Architecture examples appreciated!
All of them are good in their own ways - They're simply different approaches to the same problems.
In a purely procedural style, data tends to be highly decoupled from the functions that operate on it.
In an object oriented style, data tends to carry with it a collection of functions.
In a functional style, data and functions tend toward having more in common with each other (as in Lisp and Scheme) while offering more flexibility in terms of how functions are actually used. Algorithms tend also to be defined in terms of recursion and composition rather than loops and iteration.
Of course, the language itself only influences which style is preferred. Even in a pure-functional language like Haskell, you can write in a procedural style (though that is highly discouraged), and even in a procedural language like C, you can program in an object-oriented style (such as in the GTK+ and EFL APIs).
To be clear, the "advantage" of each paradigm is simply in the modeling of your algorithms and data structures. If, for example, your algorithm involves lists and trees, a functional algorithm may be the most sensible. Or, if, for example, your data is highly structured, it may make more sense to compose it as objects if that is the native paradigm of your language - or, it could just as easily be written as a functional abstraction of monads, which is the native paradigm of languages like Haskell or ML.
The choice of which you use is simply what makes more sense for your project and the abstractions your language supports.
I think the available libraries, tools, examples, and communities completely trumps the paradigm these days. For example, ML (or whatever) might be the ultimate all-purpose programming language but if you can't get any good libraries for what you are doing you're screwed.

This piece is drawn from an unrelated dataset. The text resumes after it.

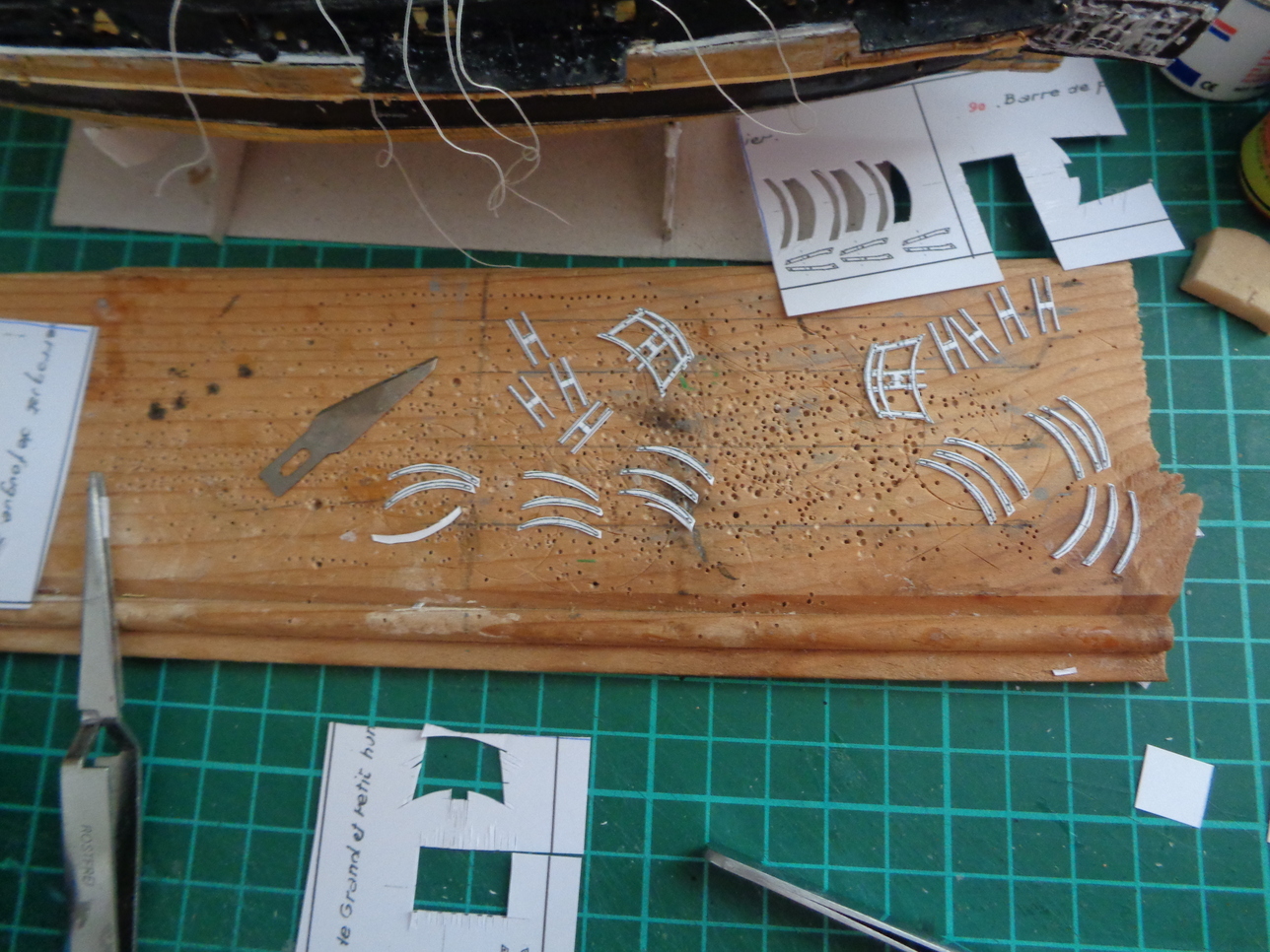 Je mets toujours des grands morceaux de matière inutiles que je coupe ensuite. Sinon, je n'arrive pas à manipuler les objets! Pour le filet, j'ai utilisé un petit morceau de blindage de câble plat utilisé en électronique pour protéger les petits signaux des parasites avant l’avènement de la fibre optique de masse et du blue tooth. Plus les trous sont fins plus la plage des fréquences qu'on supprimait était élevée et c'était moins cher que du blindage plein.... Ça fait mon bonheur pour le modélisme. On peut utiliser d'autres choses ou même le tisser soi même avec des fils très fins, métalliques ou textiles. On verra ça bientôt.; Attention, les barrières ne sont pas identiques, même hauteur mais largeur en fonction de la hune et pas toujours le même nombre de "piliers"!

For example, if you're making a video game, there are more good code examples and SDKs in C++, so you're probably better off with that. For a small web application, there are some great Python, PHP, and Ruby frameworks that'll get you off and running very quickly. Java is a great choice for larger projects because of the compile-time checking and enterprise libraries and platforms.
It used to be the case that the standard libraries for different languages were pretty small and easily replicated - C, C++, Assembler, ML, LISP, etc.. came with the basics, but tended to chicken out when it came to standardizing on things like network communications, encryption, graphics, data file formats (including XML), even basic data structures like balanced trees and hashtables were left out!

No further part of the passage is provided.